未压缩时的zlibData表示从左到右、从上到下的分幅,与TRLE类似,但分幅大小为64x64像素。如果矩形的宽度不是64的精确倍数,则每行中最后一个磁贴的宽度较小,如果矩形的高度不是64的精确倍数,则最后一行中每个磁贴的高度较小。
The tiles are encoded in exactly the same way as TRLE, except that subencoding may not take the values 127 or 129, i.e., palettes cannot be reused between tiles.
瓷砖的编码方式与TRLE完全相同,只是子编码可能不采用127或129的值,即调色板不能在瓷砖之间重复使用。
The server flushes the zlib stream to a byte boundary at the end of each ZRLE-encoded rectangle. It need not flush the stream between tiles within a rectangle. Since the zlibData for a single rectangle can potentially be quite large, clients can incrementally decode and interpret the zlibData but must not assume that encoded tile data is byte aligned.
服务器将zlib流刷新到每个ZRLE编码矩形末尾的字节边界。它不需要在矩形内的瓷砖之间刷新流。由于单个矩形的zlibData可能相当大,因此客户端可以增量解码和解释zlibData,但不能假设编码的磁贴数据是字节对齐的。
An update rectangle with a "pseudo-encoding" does not directly represent pixel data but instead allows the server to send arbitrary data to the client. How this data is interpreted depends on the pseudo-encoding.
带有“伪编码”的更新矩形并不直接表示像素数据,而是允许服务器向客户端发送任意数据。如何解释这些数据取决于伪编码。
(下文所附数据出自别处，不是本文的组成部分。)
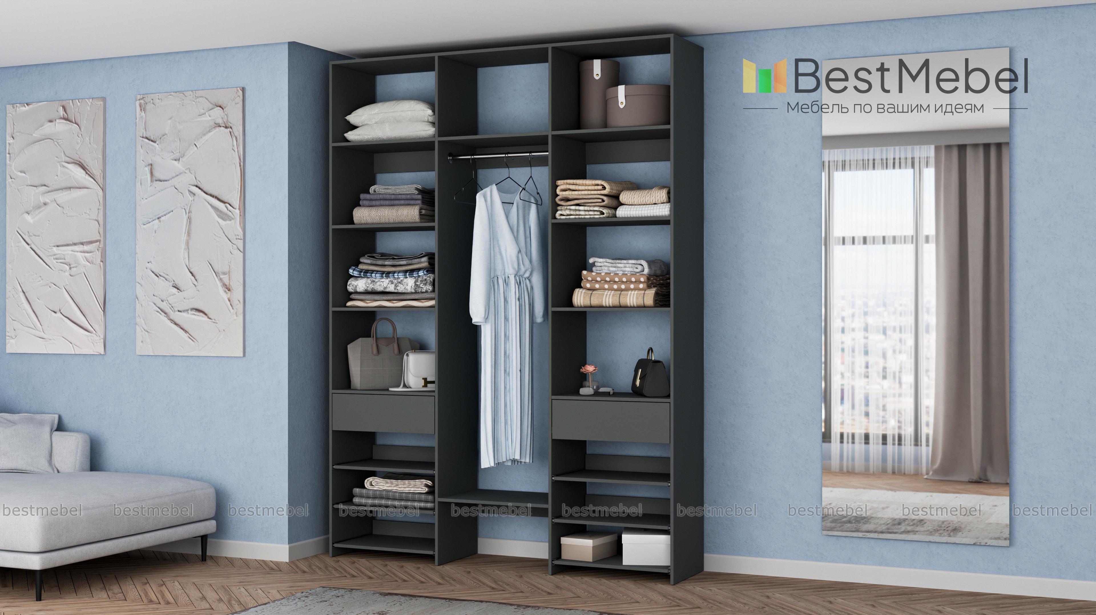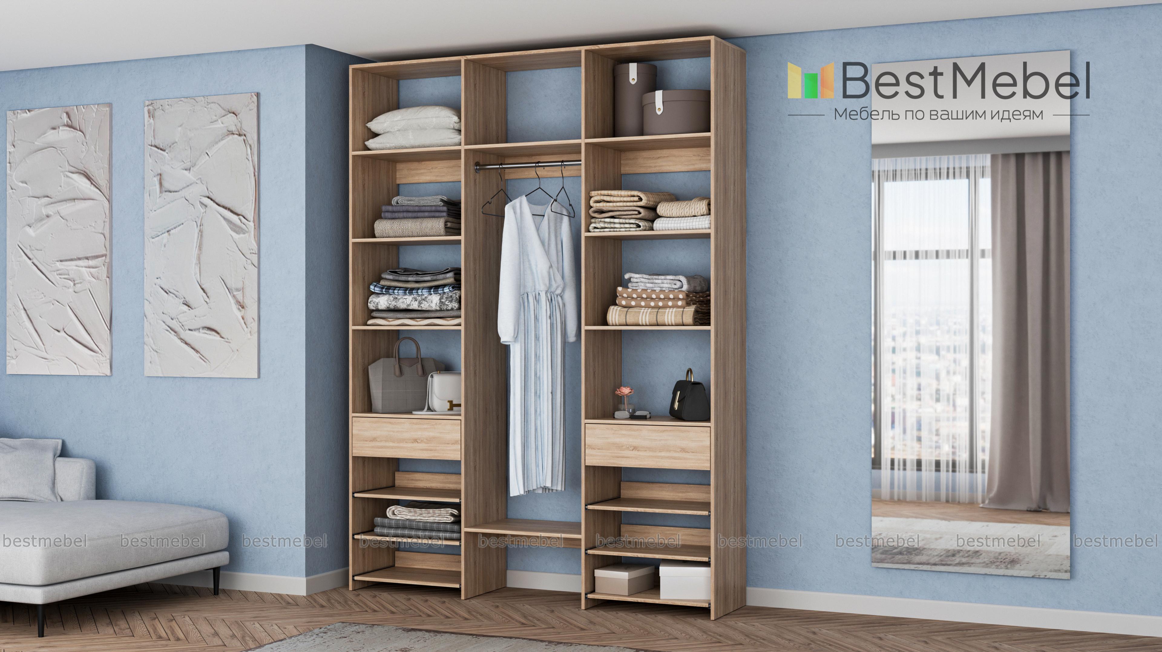 Стеллаж для одежды Мирта 93 BMS поможет вам разместить повседневные и редко используемые вещи. Удобная конфигурация включает в себя расположенные на разной высоте полки и секцию для вешалок, два ящика под мелкие предметы и выдвижные панели справа и слева. Благодаря изготовлению из ламинированной плиты стеллаж надежный, доступный по цене и обладает широким выбором актуальных оттенков. Купить стеллаж для одежды Мирта 93 BMS в оптимальном размере приглашаем к нам в интернет-магазин.

A client that requests the Cursor pseudo-encoding is declaring that it is capable of drawing a pointer cursor locally. This can significantly improve perceived performance over slow links. The server sets the cursor shape by sending a rectangle with the Cursor
请求游标伪编码的客户端声明它能够在本地绘制指针游标。这可以显著提高慢速链接的感知性能。服务器通过发送带有光标的矩形来设置光标形状
pseudo-encoding as part of an update. The rectangle's x-position and y-position indicate the hotspot of the cursor, and width and height indicate the width and height of the cursor in pixels. The data consists of width*height raw pixel values followed by a shape bitmask, with one bit corresponding to each pixel in the cursor rectangle. The bitmask consists of left-to-right, top-to-bottom scan lines, where each scan line is padded to a whole number of bytes, the number being div(width+7,8). Within each byte, the most significant bit represents the leftmost pixel; a bit set to 1 means the corresponding pixel in the cursor is valid.
作为更新的一部分的伪编码。矩形的x位置和y位置表示光标的热点,宽度和高度表示光标的宽度和高度(以像素为单位)。数据由宽度*高度原始像素值和形状位掩码组成,其中一位对应于光标矩形中的每个像素。位掩码由从左到右、从上到下的扫描行组成,其中每个扫描行填充为整数字节,数字为div(宽度+7,8)。在每个字节中,最高有效位表示最左边的像素;位设置为1表示光标中对应的像素有效。
+----------------------------+--------------+---------------+ | No. of bytes | Type [Value] | Description | +----------------------------+--------------+---------------+ | width*height*bytesPerPixel | PIXEL array | cursor-pixels | | div(width+7,8)*height | U8 array | bitmask | +----------------------------+--------------+---------------+
+----------------------------+--------------+---------------+ | No. of bytes | Type [Value] | Description | +----------------------------+--------------+---------------+ | width*height*bytesPerPixel | PIXEL array | cursor-pixels | | div(width+7,8)*height | U8 array | bitmask | +----------------------------+--------------+---------------+
A client that requests the DesktopSize pseudo-encoding is declaring that it is capable of coping with a change in the framebuffer width and height. The server changes the desktop size by sending a rectangle with the DesktopSize pseudo-encoding as the last rectangle in an update. The rectangle's x-position and y-position are ignored, and width and height indicate the new width and height of the framebuffer.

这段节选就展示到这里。